**EXERCISE INPUTS:**
=== Section Start ===
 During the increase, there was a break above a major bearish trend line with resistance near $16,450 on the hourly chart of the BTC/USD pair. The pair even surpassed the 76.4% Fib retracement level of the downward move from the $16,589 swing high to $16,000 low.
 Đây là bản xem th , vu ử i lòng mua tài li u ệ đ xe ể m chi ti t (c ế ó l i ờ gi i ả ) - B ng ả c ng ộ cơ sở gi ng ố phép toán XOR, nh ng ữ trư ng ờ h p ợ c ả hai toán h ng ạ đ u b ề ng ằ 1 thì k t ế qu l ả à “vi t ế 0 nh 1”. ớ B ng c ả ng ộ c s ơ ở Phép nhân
=== Section End ===
=== Section Start ===
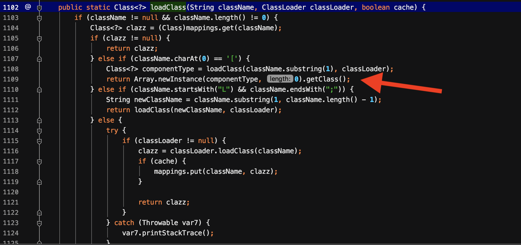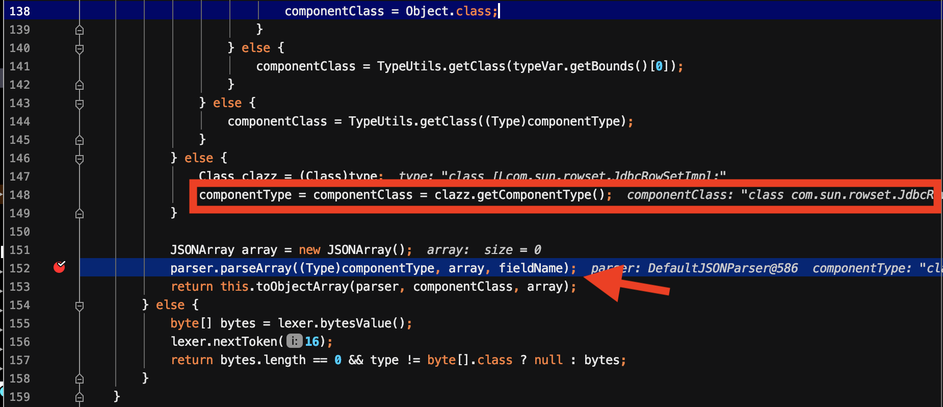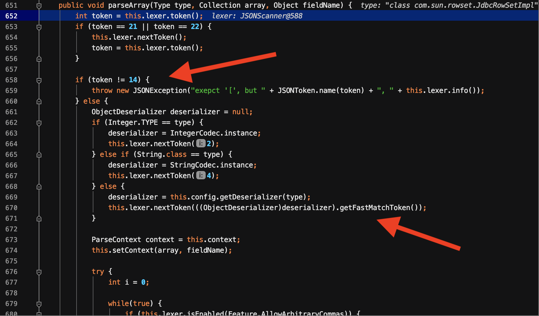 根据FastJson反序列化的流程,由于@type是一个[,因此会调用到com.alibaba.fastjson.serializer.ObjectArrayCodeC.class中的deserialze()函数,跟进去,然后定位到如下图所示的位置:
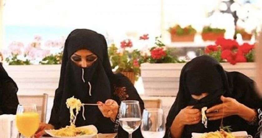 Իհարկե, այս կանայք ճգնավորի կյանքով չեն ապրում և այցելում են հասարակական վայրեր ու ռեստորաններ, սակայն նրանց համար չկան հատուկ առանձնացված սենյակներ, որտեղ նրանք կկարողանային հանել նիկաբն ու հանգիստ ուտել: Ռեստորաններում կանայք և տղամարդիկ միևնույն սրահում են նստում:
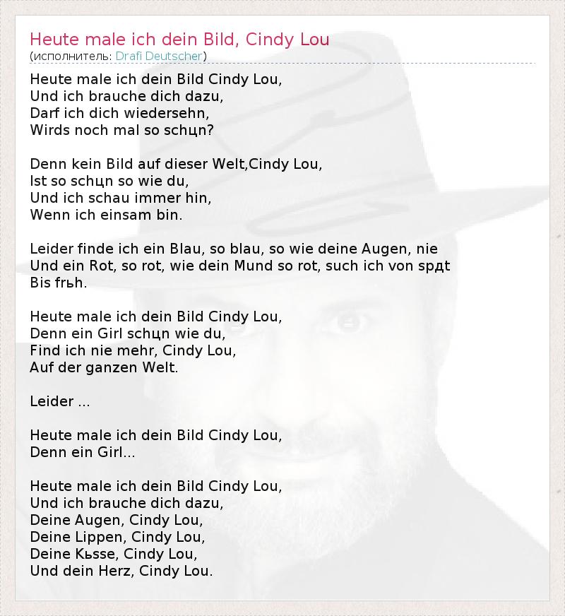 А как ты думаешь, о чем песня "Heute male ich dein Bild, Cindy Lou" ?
=== Section End ===
**TASK STATEMENT:** Going down the listing above, begin printing at the line with "During the increase, there" and finish with the line with "Đây là bản xem", exactly as they appear.

**ANSWER:**
 During the increase, there was a break above a major bearish trend line with resistance near $16,450 on the hourly chart of the BTC/USD pair. The pair even surpassed the 76.4% Fib retracement level of the downward move from the $16,589 swing high to $16,000 low.
 Đây là bản xem th , vu ử i lòng mua tài li u ệ đ xe ể m chi ti t (c ế ó l i ờ gi i ả ) - B ng ả c ng ộ cơ sở gi ng ố phép toán XOR, nh ng ữ trư ng ờ h p ợ c ả hai toán h ng ạ đ u b ề ng ằ 1 thì k t ế qu l ả à “vi t ế 0 nh 1”. ớ B ng c ả ng ộ c s ơ ở Phép nhân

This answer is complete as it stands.